/---

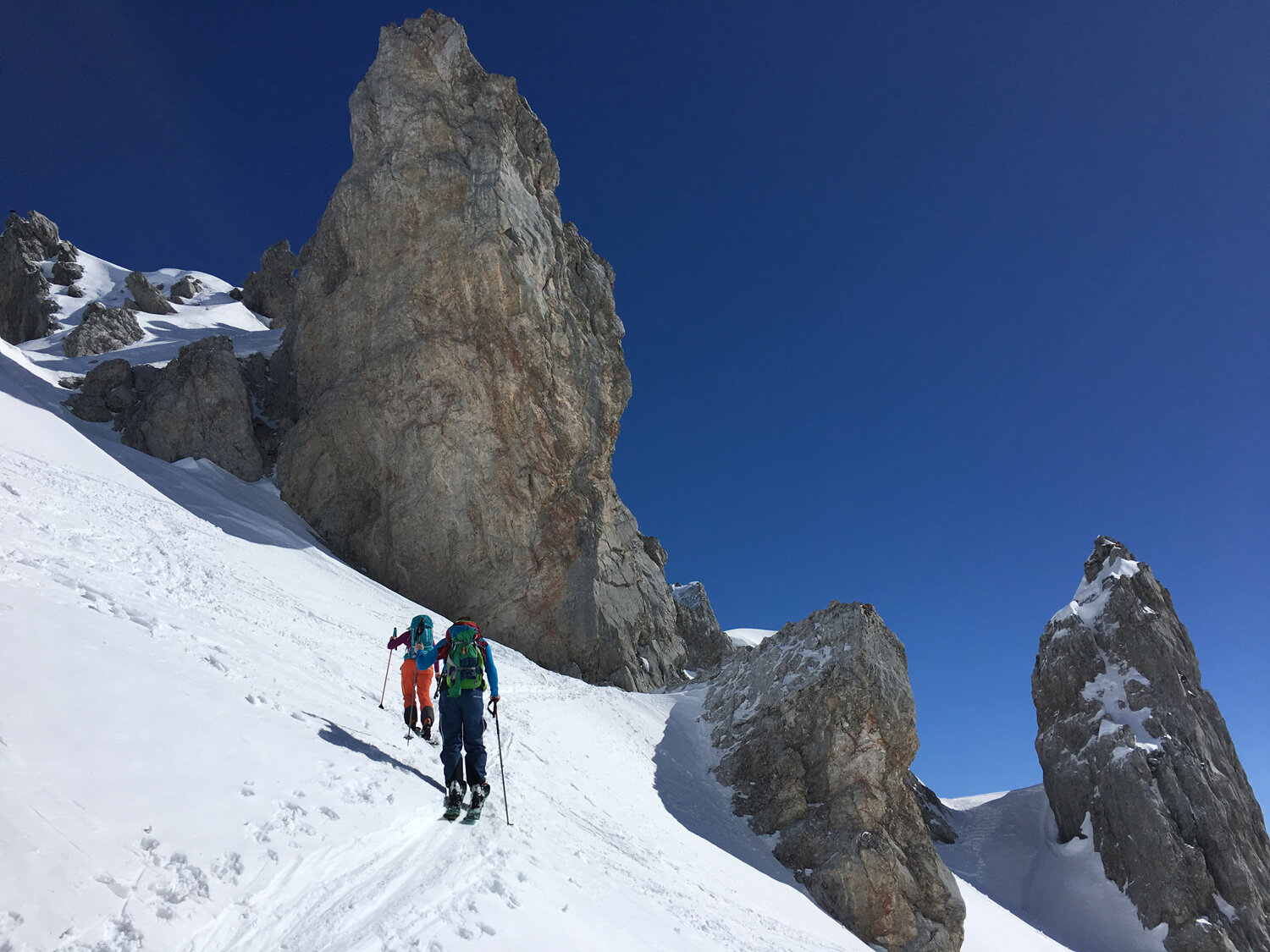 Landschaftlich spannend, führte er uns zwischen schroffen Felsformationen hindurch, immer die so völlig anders aussehende Rückseite der Drei Türme im Blick. Als wir gegen 14:00 Uhr die Grenze nach Österreich überschritten, war die Freude groß, denn im Geiste sahen wir uns schon beim kühlen Radler relaxen... Doch zuvor gab es erst noch die wohlverdiente Belohnung in Form eines langen, nordseitigen Pulverschneehangs, der uns im Endorphinrausch geradewegs auf die Sonnenterrasse der Lindauer Hütte beförderte. Besser konnte es nicht laufen.
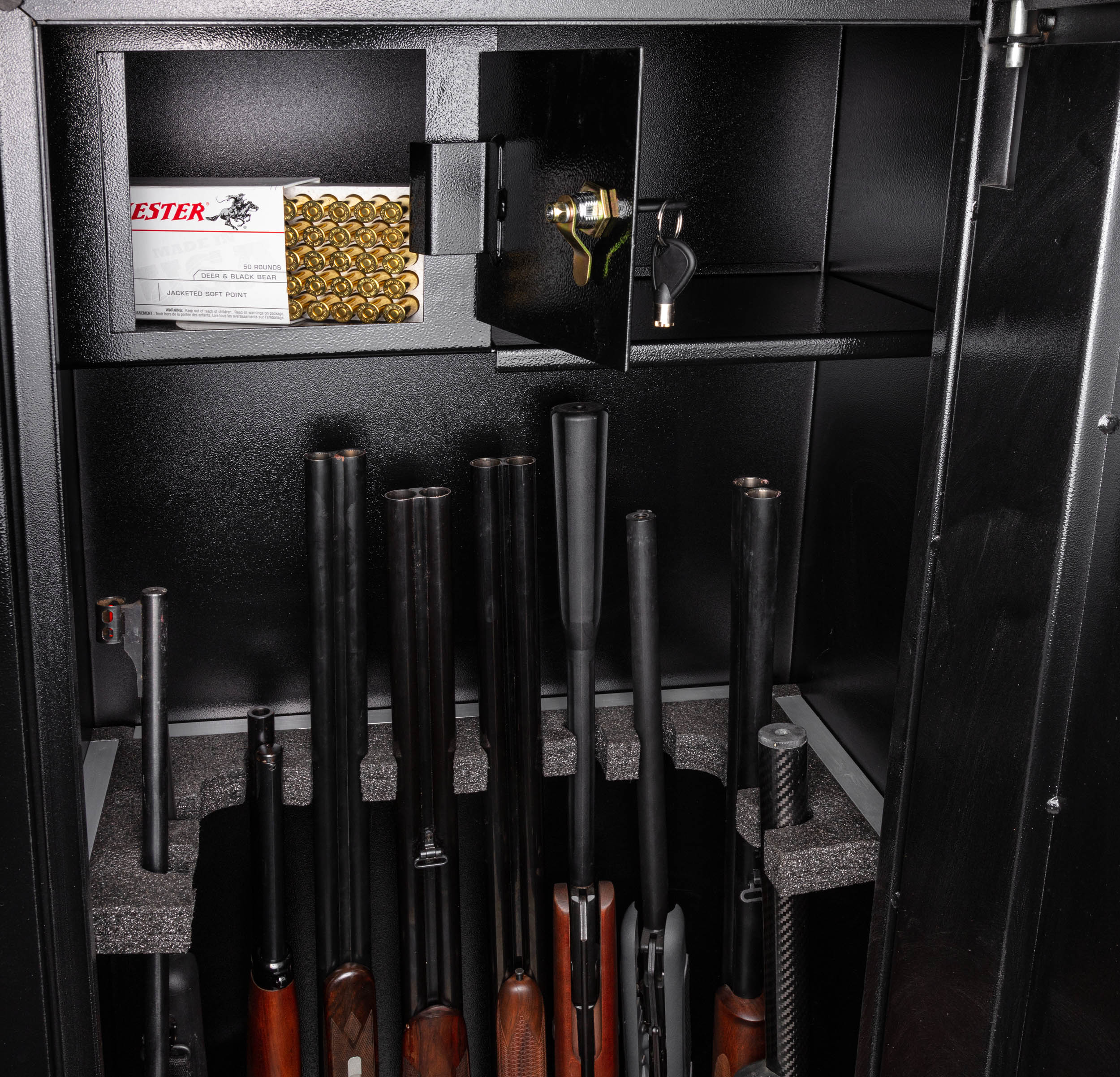 Finition suivant arrivage : porte de coffre avec sérigraphie blanche logo Waldberg ou avec logo Waldberg blanc autocollant. Tous nos coffres sont livrés avec un jeu de chevilles à béton de fixation, 2 clefs coffres à munitions et 2 x 2 clefs principales.
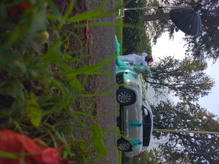 white SUV parked on the side of a paved road in New Hope, Tanzania, located at coordinates -3.275, 37.317. Two women are standing in front of the vehicle. The woman on the left is wearing a white dress, and the woman on the right is wearing a turquoise gown with a long train. The SUV is decorated with white flowers and a blue bow on the back. A large black umbrella is positioned on a tripod to the left of the image. The scene is partially obscured by foliage in the foreground, suggesting the image was captured from a low vantage point. The SUV is parked on the side of a paved road, and the grass and trees in the background suggest a rural setting.
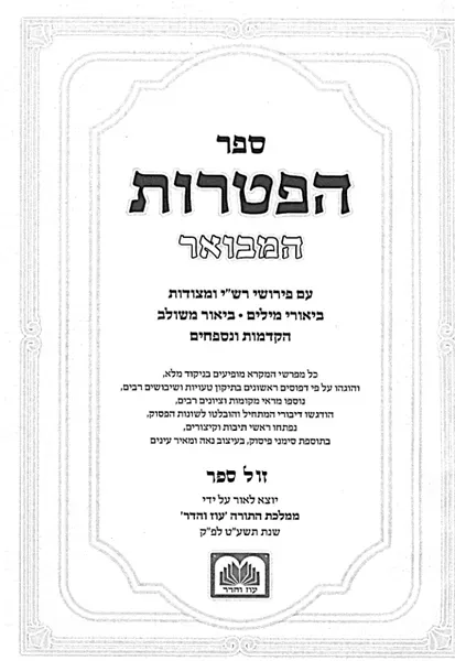 ספר ההפטרות המבואר מאפשר ללומדים את ההפטרה להבין ההפטרה ושייכותה לפרשה.
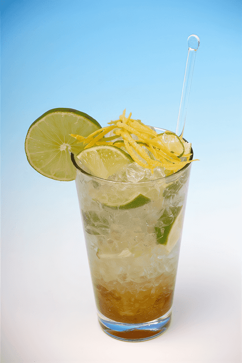 Peel the limes. Slice the ginger (3 cm) and limes into thin slices. Place them in a bowl and mix with sugar and 30 mint leaves. Muddle the mixture. Transfer the mixture to a large pitcher, pour in the cachaça, cover, and refrigerate.
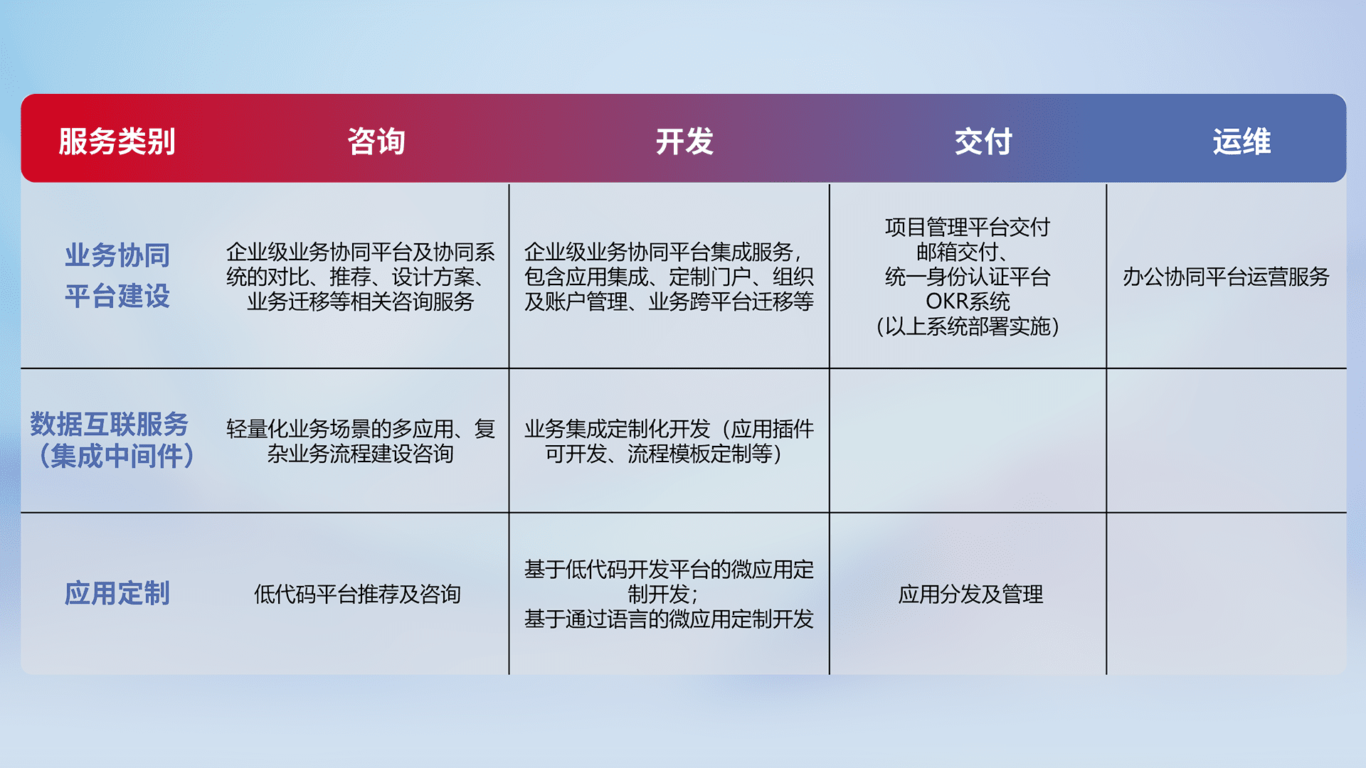 针对钉钉、、、、企微、、、、IDaas等平台级产品提供产品的规划、、、方案、、交付、、、定制化开发等服务,,,实现如统一协同办公、、、智能客户服务、、、混合会议管理、、、智能数据查询、、等业务场景,,实现数字化转型。。。
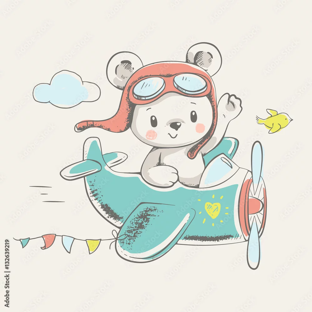 Obraz miś lecący samolotem
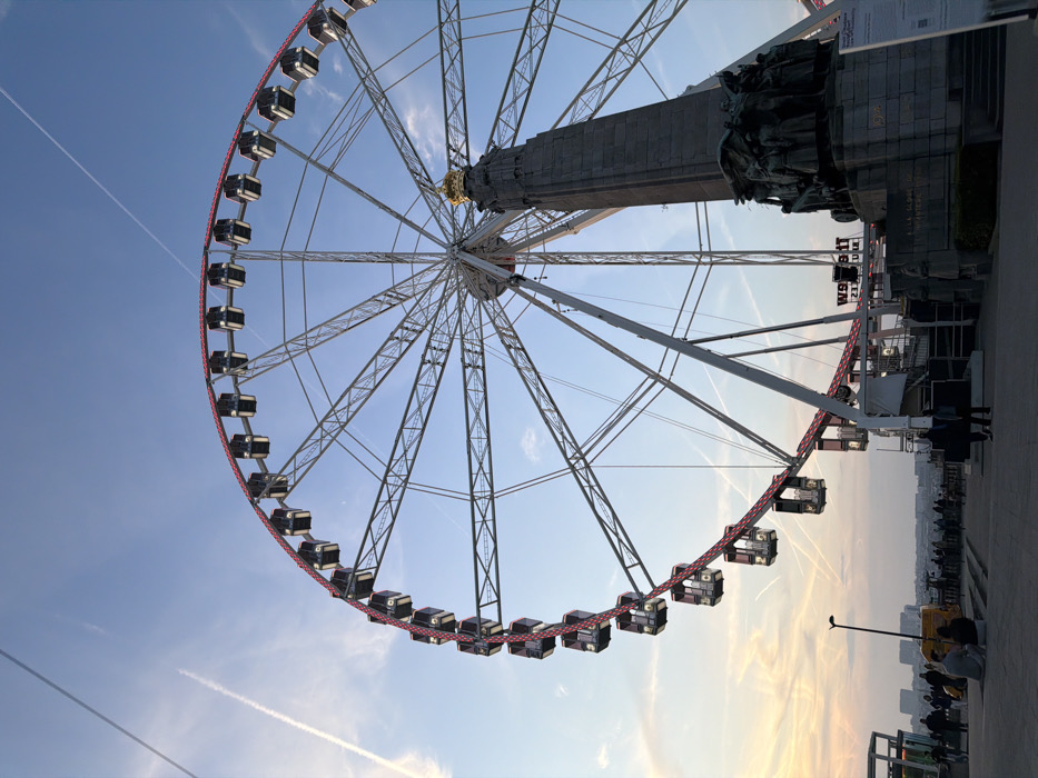 The image depicts an outdoor urban scene at dusk or late afternoon in Brussels, Belgium, specifically near the Congress Column on Place du Congrès. A prominent, large Ferris wheel dominates the left and center of the frame, featuring a steel spoke structure and approximately 30 dark-colored gondolas attached to a circular rim illuminated with red lights. Adjacent to the Ferris wheel, on the right, stands the tall, dark-gray stone Congress Column, topped with a golden crown. Its base is adorned with intricate bronze sculptural groups depicting human figures, and inscriptions are visible on its façade. The sky overhead is a clear blue, transitioning to a light orange and yellow hue towards the horizon on the left, indicative of a setting sun. Multiple white contrails from aircraft crisscross the sky. The foreground comprises a paved public square, dark gray in color, with several steps leading down to the left. Numerous individuals and small groups are present on the square; some are seated casually on the steps, while others stand or walk in various directions. A tall, dark streetlamp with a single light is visible on the left side of the square. In the distant background, a cityscape of Brussels is discernible under the fading light. A partial sign displaying "W9" and possibly "THE GRAND" is visible near the base of the Ferris wheel's support structure.
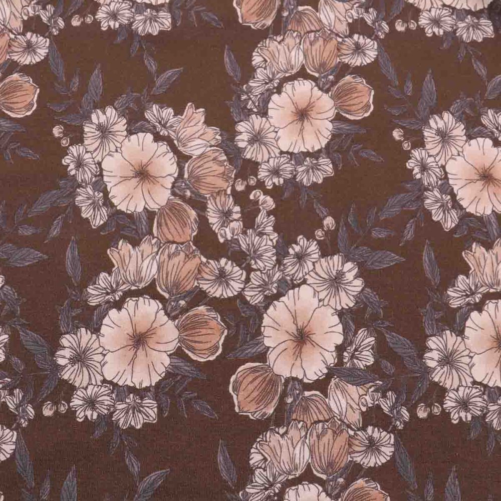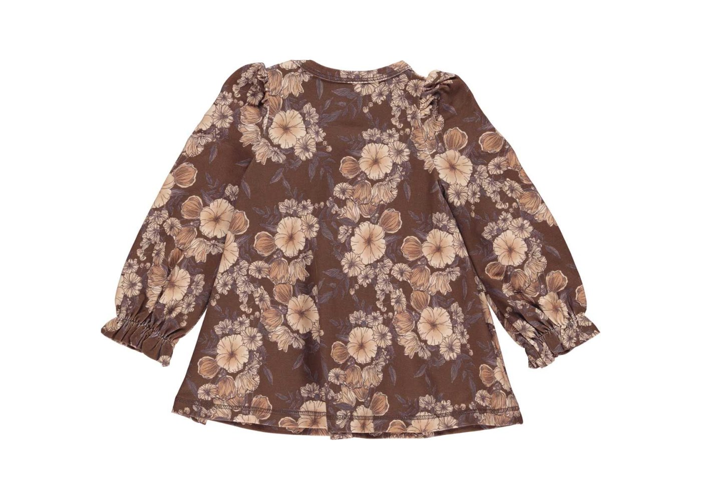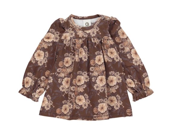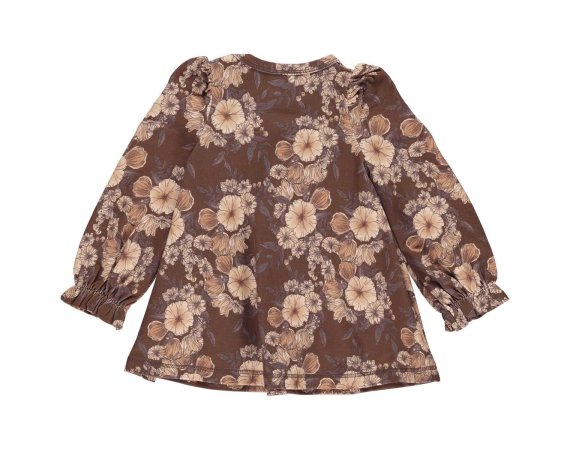 Smuk langærmet brun kjole med blomster.
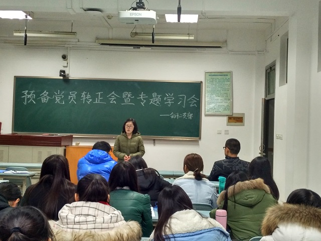 12月20日晚,会计二支部于南校区1213教室召开本学期预备党员转正会议,并且以此为契机开展12月份“做合格党员,发挥党员模范带头作用”专题学习讨论会,会计二支部全体成员与会,会议由支部委员田肖雅主持。
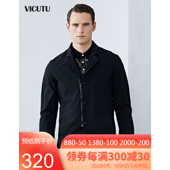 威可多VICUTU男士休闲单西服西装2020春季上新时尚潮流VRW17119867 黑色 170/88A |
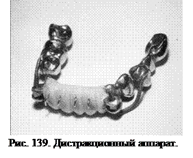 В течение догоспитального периода больного обследуют амбулаторно. Снимают оттиски с верхней и нижней челюстей, отливают модели (рабочие и контрольные). По рабочим моделям изготавливаютортодонтическое устройство (рис. 16). Дистракционный аппарат состоит из двух металлических капп, в боковых участках на контактируемые зубы с вестибулярной стороны припаивают резьбовые стержни, загнутые в переднем участке вертикально вверх справа и слева у края фронтальной каппы, и соединенные жестко с помощью винтовых пар с передней металлопластмассовой каппой на зубах, имеющих вертикальную щель (рис. 139). В том случае, если перемещение фрагмента тела нижней челюсти вверх больше 1см, то в первые 5-7 дней вертикальную дистракцию дополняют межчелюстной резиновой тягой.
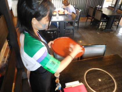 かね久 針原店 :お客様にお冷を運んだり、注文を聞いたりしています。

\---

§ **WORK REQUIRED**:
Each of the lines above should be transcribed exactly; no image is to be copied.

§ **RESPONSE TO THE TASK**:
 Landschaftlich spannend, führte er uns zwischen schroffen Felsformationen hindurch, immer die so völlig anders aussehende Rückseite der Drei Türme im Blick. Als wir gegen 14:00 Uhr die Grenze nach Österreich überschritten, war die Freude groß, denn im Geiste sahen wir uns schon beim kühlen Radler relaxen... Doch zuvor gab es erst noch die wohlverdiente Belohnung in Form eines langen, nordseitigen Pulverschneehangs, der uns im Endorphinrausch geradewegs auf die Sonnenterrasse der Lindauer Hütte beförderte. Besser konnte es nicht laufen.
 Finition suivant arrivage : porte de coffre avec sérigraphie blanche logo Waldberg ou avec logo Waldberg blanc autocollant. Tous nos coffres sont livrés avec un jeu de chevilles à béton de fixation, 2 clefs coffres à munitions et 2 x 2 clefs principales.
 white SUV parked on the side of a paved road in New Hope, Tanzania, located at coordinates -3.275, 37.317. Two women are standing in front of the vehicle. The woman on the left is wearing a white dress, and the woman on the right is wearing a turquoise gown with a long train. The SUV is decorated with white flowers and a blue bow on the back. A large black umbrella is positioned on a tripod to the left of the image. The scene is partially obscured by foliage in the foreground, suggesting the image was captured from a low vantage point. The SUV is parked on the side of a paved road, and the grass and trees in the background suggest a rural setting.
 ספר ההפטרות המבואר מאפשר ללומדים את ההפטרה להבין ההפטרה ושייכותה לפרשה.
 Peel the limes. Slice the ginger (3 cm) and limes into thin slices. Place them in a bowl and mix with sugar and 30 mint leaves. Muddle the mixture. Transfer the mixture to a large pitcher, pour in the cachaça, cover, and refrigerate.
 针对钉钉、、、、企微、、、、IDaas等平台级产品提供产品的规划、、、方案、、交付、、、定制化开发等服务,,,实现如统一协同办公、、、智能客户服务、、、混合会议管理、、、智能数据查询、、等业务场景,,实现数字化转型。。。
 Obraz miś lecący samolotem
 The image depicts an outdoor urban scene at dusk or late afternoon in Brussels, Belgium, specifically near the Congress Column on Place du Congrès. A prominent, large Ferris wheel dominates the left and center of the frame, featuring a steel spoke structure and approximately 30 dark-colored gondolas attached to a circular rim illuminated with red lights. Adjacent to the Ferris wheel, on the right, stands the tall, dark-gray stone Congress Column, topped with a golden crown. Its base is adorned with intricate bronze sculptural groups depicting human figures, and inscriptions are visible on its façade. The sky overhead is a clear blue, transitioning to a light orange and yellow hue towards the horizon on the left, indicative of a setting sun. Multiple white contrails from aircraft crisscross the sky. The foreground comprises a paved public square, dark gray in color, with several steps leading down to the left. Numerous individuals and small groups are present on the square; some are seated casually on the steps, while others stand or walk in various directions. A tall, dark streetlamp with a single light is visible on the left side of the square. In the distant background, a cityscape of Brussels is discernible under the fading light. A partial sign displaying "W9" and possibly "THE GRAND" is visible near the base of the Ferris wheel's support structure.
 Smuk langærmet brun kjole med blomster.
 12月20日晚,会计二支部于南校区1213教室召开本学期预备党员转正会议,并且以此为契机开展12月份“做合格党员,发挥党员模范带头作用”专题学习讨论会,会计二支部全体成员与会,会议由支部委员田肖雅主持。
 威可多VICUTU男士休闲单西服西装2020春季上新时尚潮流VRW17119867 黑色 170/88A |
 В течение догоспитального периода больного обследуют амбулаторно. Снимают оттиски с верхней и нижней челюстей, отливают модели (рабочие и контрольные). По рабочим моделям изготавливаютортодонтическое устройство (рис. 16). Дистракционный аппарат состоит из двух металлических капп, в боковых участках на контактируемые зубы с вестибулярной стороны припаивают резьбовые стержни, загнутые в переднем участке вертикально вверх справа и слева у края фронтальной каппы, и соединенные жестко с помощью винтовых пар с передней металлопластмассовой каппой на зубах, имеющих вертикальную щель (рис. 139). В том случае, если перемещение фрагмента тела нижней челюсти вверх больше 1см, то в первые 5-7 дней вертикальную дистракцию дополняют межчелюстной резиновой тягой.
 かね久 針原店 :お客様にお冷を運んだり、注文を聞いたりしています。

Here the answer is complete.